12//! This is the Bayesian decomposition `P(W|i) ∝ P(i|W) · P(W)` rendered
13//! in log space — addition replaces multiplication, comparison stays
14//! monotone, and the two factors can be assigned independently by
15//! producers (dictionaries, n-grams, fuzzy matchers, …) without
16//! coordinating a single global formula.
17//!
18//! Both terms are `i32` Q4 fixed-point. One log unit = [`Q4`] (= 16)

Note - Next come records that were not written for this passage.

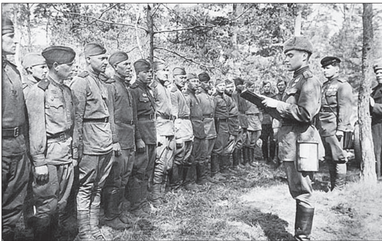
Одерский плацдарм. Перед штурмом Берлина. Апрель 1945 г.

— В январе 1944 года мы наступали на Новгород. Провели артподготовку, потом пошли в атаку. Вечером заняли первую траншею немцев. Расположились командным составом в офицерском блиндаже, с нами несколько разведчиков. Легли спать, а перед этим хорошо поели и выпили. Понадеялись, что боевое охранение, как обычно, выставит пехота. А она ушла дальше. Там комполк убило, его зам по строевой тоже, командование перешло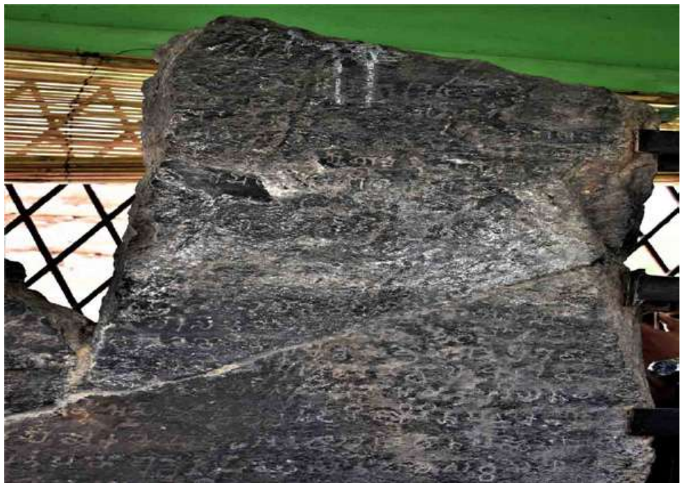
မြစ်သားမြို့ ပေတောပရဟိတကျောင်းတိုက်ရှိ စောလူးမင်းကျောက်စာ

စောလူးမင်းသည် ၁၀၇၇ ခုနှစ်မှ ၁၀၈၄ ခုနှစ်ထိ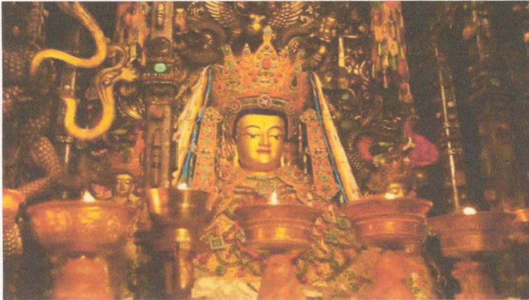
Figura 3. Imagen representativa de la historia de la religión China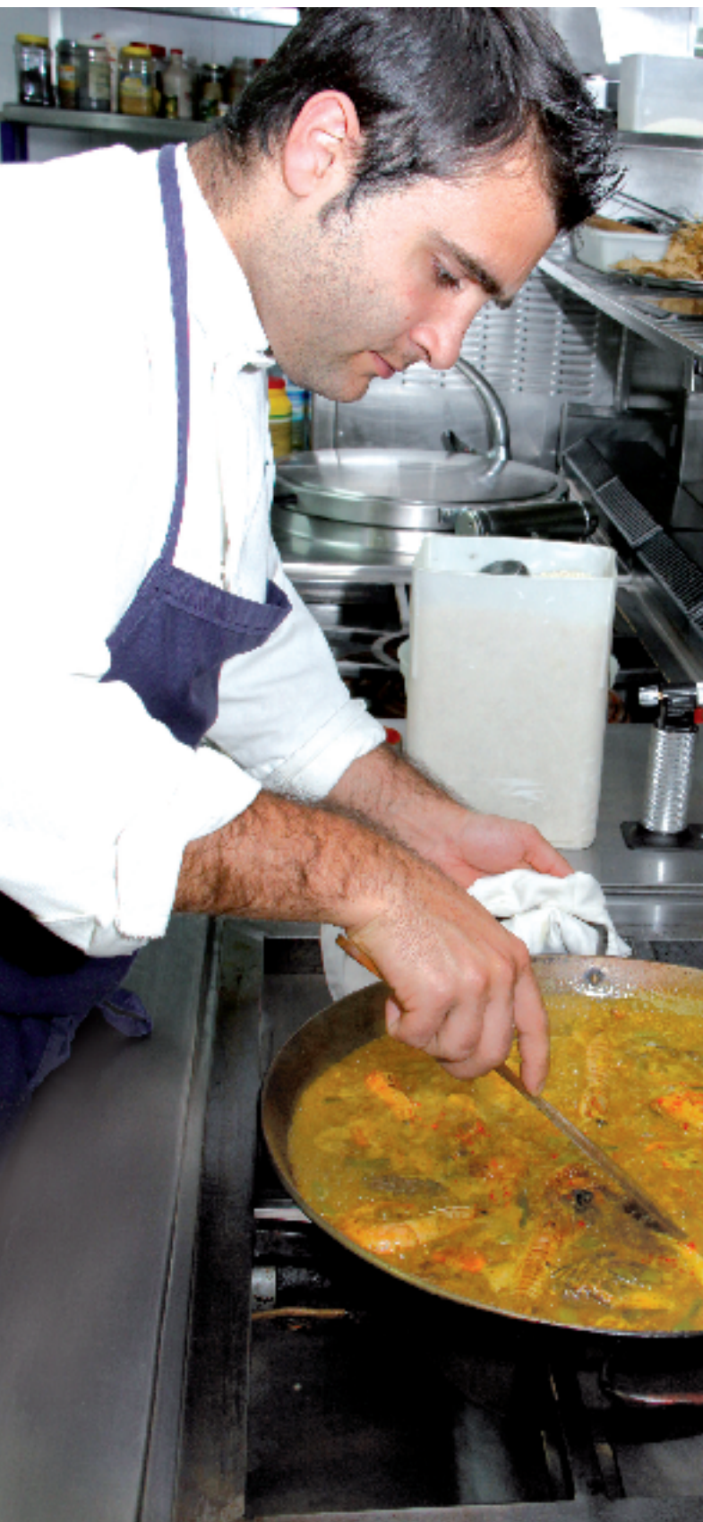
Restaurante Octivio's. Denia.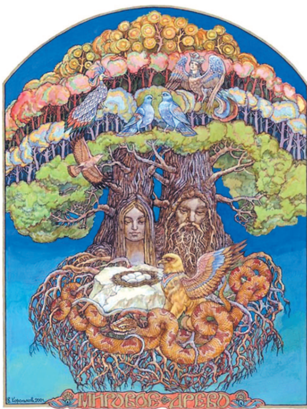
Крона Мирового древа достигает Ирия (рая), корни уходят в подземное царство. В представлении древних славян Мировое древо находилось на острове Буяне Мировое древо. В. А. Корольков

В давние времена человек полностью находился во власти природы и природных явлений. Например, успех в рыболовстве зависел от количества рыбы в водоемах, в охоте — от численности зверей в лесах, в собирательстве — от обилия растений на земле.

19//! integer steps. The Q4 choice trades resolution for headroom: scores
20//! fit comfortably in `i32` even for very rare or very common words
21//! while staying precise enough that ranking-relevant gaps (~0.0625 in
22//! log space) survive quantization.
23//!
24//! # Public surface
25//!
26//! - [`Source`] — which engine produced the candidate
27//! - [`MatchType`] — how the typed input maps to the candidate
28//! - [`Candidate`] — a (word, log_prior, log_likelihood, match_type, source) tuple
29//! - [`score`] — `log_prior + log_likelihood`, the sort key
30//! - [`Q4`] — log-to-integer scale (= 16)
31//!
32//! Scoring policy lives in the consumer (IME engine cement); this
33//! crate provides only the schema and the additive sort key.
34
35#![cfg_attr(not(feature = "std"), no_std)]
36
37/// Fixed-point scale for log-space scalars. `Q4 = 16` means every
38/// integer step is 1/16 of a log unit (≈ 0.0625). At this resolution,
39/// `i32` covers a dynamic range of ~ ±67 million log units — far more
40/// than any realistic candidate score needs.
41pub const Q4: i32 = 16;
42
43/// Engine that produced a candidate. Numeric representation is stable
44/// across versions so it can cross the FFI boundary as `u8` without
45/// translation. Mirrors `inputx_core::composite::merge::Source`.
46#[repr(u8)]
47#[derive(Copy, Clone, Debug, PartialEq, Eq, Hash)]
48pub enum Source {
49 Wubi = 0,
50 Pinyin = 1,
51 Japanese = 2,
52}
53
54/// Classification of how the typed input `i` maps to a candidate `W`.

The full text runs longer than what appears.